Census trainers complete course
Stabroek News
August 27, 2002
The Statistical Bureau yesterday completed training some 55 persons who will be responsible for instructing the enumerators who will be going into the field to gather information for the Population and Housing Census.
They are to be appointed coordinators and will be playing a pivotal role in the management of the enumeration exercise. They will be heading a team of six supervisors who each have under them a team of 6-7 enumerators.
The training session covered issues related to the questionnaires to be used during the enumeration exercise and the duties of the supervisors and enumerators.
The coordinators will begin conducting training sessions for enumerators and supervisors in the various regions from September 2 to September 12.
The house-to-house enumeration exercise is due to begin on September 16 and will run for approximately six weeks countrywide save for Region Nine (Upper Essequibo/Upper Takatu) where it was done earlier this year to avoid the rainy season.
Chief Statistician Lennox Benjamin told Stabroek News yesterday that of the 55 persons who were trained 43 were selected from persons who had responded to the advertisements for staff to take part in the enumeration exercise. The remainder, he said, were staffers from the Bureau.
He said that most of them have had experience as senior teachers and/or demonstrated organisational ability as well as the ability to pass on what they have learnt to others.
Among the resource persons who conducted the training session are Statistician John Mensah who is the Census and Information Systems Consultant to the Bureau and Everton Pollard a demographer trained at the Australian National University.
Mensah is also the adviser on Information Systems to the Barbados Statistical Service and the government of Nepal and has had previous experience in the conduct of surveys such as labour force, poverty and household income and expenditure in Guyana, Barbados and Nepal.
Mensah told Stabroek News that save for the questionnaires, the kits to be used in the field are all in place. He said that the Bureau expects to have the questionnaires delivered here from Brazil where they are being produced by September 9.

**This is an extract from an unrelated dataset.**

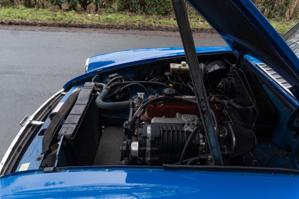 We are very pleased to present this beautiful Blue MGB Roadster to the market, a car in fantastic condition and equipped with a Supercharger Kit enhancing performance. The uprated MGB’s always offer that extra piece of excitement to take out on the road, this example, with its upgraded stopping power and suspension, is the perfect MGB for those who want a truly exceptional MG driving experience. Interestingly, the owner who commissioned the fitting of the supercharger was the First Officer on the Concorde Airliners final flight from New York. He had chosen this MGB after inspecting many, and decided it was structurally the best car he'd seen with a view to enhancing and carrying out performance upgrades. The Pilot took the car to Mechspec in Doncaster who are the obvious choice when it comes to mechanically enhancing an MGB engine. Mechspec fitted the Supercharger kit, along with a Peter Burgess supercharger cylinder Head, uprated camshaft, a 1-2-3 Distributor, a Tourist Trophy Stainless Steel Exhaust, and a Ford Type 9 5-speed Gearbox. STH810S was then offered to the dyno where after all the fantastic upgrades had been fitted, now produced 148bhp.

Guyana and Suriname are among the last of the CARICOM states to conduct their decennial census, which is being coordinated by the CARICOM Secretariat. The Secretariat has set up a regional census coordinating committee, which comprises representatives of the census bodies of the various CARICOM territories, as well as those in Bermuda, the Turks and Caicos Islands and the Cayman Islands, the Universities of Guyana, the West Indies and Suriname as well as the Caribbean Development Bank and the Secretariat of the Organisation of Eastern Caribbean States.